Register the Lokka (Microsoft 365 MCP server) MCP server in PolicyLayer and add a rule for add-graph-permission: allow, deny, rate-limit, or require approval. Point your MCP client at the PolicyLayer proxy URL and the rule is enforced on every call, before it reaches Lokka (Microsoft 365 MCP server). Nothing to install.
add-graph-permission is a Write tool with medium risk. Write tools should be rate-limited to prevent accidental bulk modifications.
Yes. Add a rate_limit block to the add-graph-permission rule in your PolicyLayer policy. For example, setting max: 10 and window: 60 limits the tool to 10 calls per minute. Rate limits are tracked per agent session and reset automatically.

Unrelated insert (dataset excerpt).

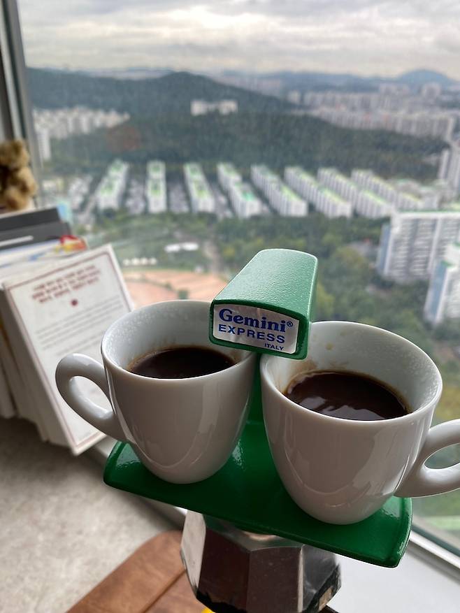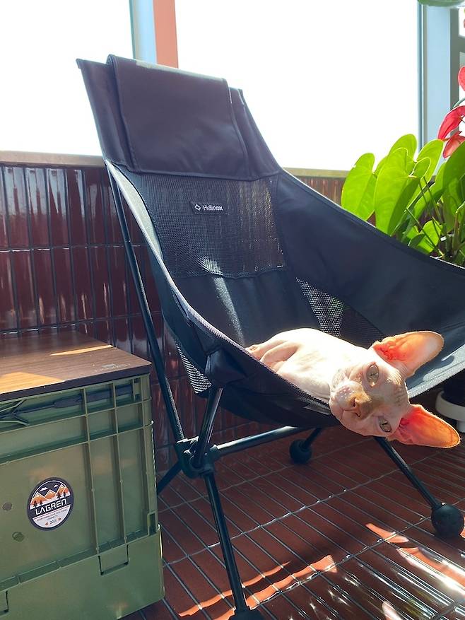 안방 베란다는 동쪽이라서 햇살과 조망이 너무 좋은 공간이에요. 집 앞에 공원 뷰, 산 뷰 좋아요. 브런치도 먹고, 모카포트에 커피도 내려서 책도 읽고 여유로운 공간이죠. 울 치미도 캠핑 의자에 누워 일광욕을 좋아해요.

Set action: deny in the PolicyLayer policy for add-graph-permission. The AI agent will receive a policy violation error and cannot call the tool. You can also include a reason field to explain why the tool is blocked.
add-graph-permission is provided by the Lokka (Microsoft 365 MCP server) MCP server (merill/lokka). PolicyLayer sits as a proxy in front of this server to enforce policies before tool calls reach the server.
Start from Lokka (Microsoft 365 MCP server), add the rest of your stack, and see everything your agents can call. Then put policy on all of it.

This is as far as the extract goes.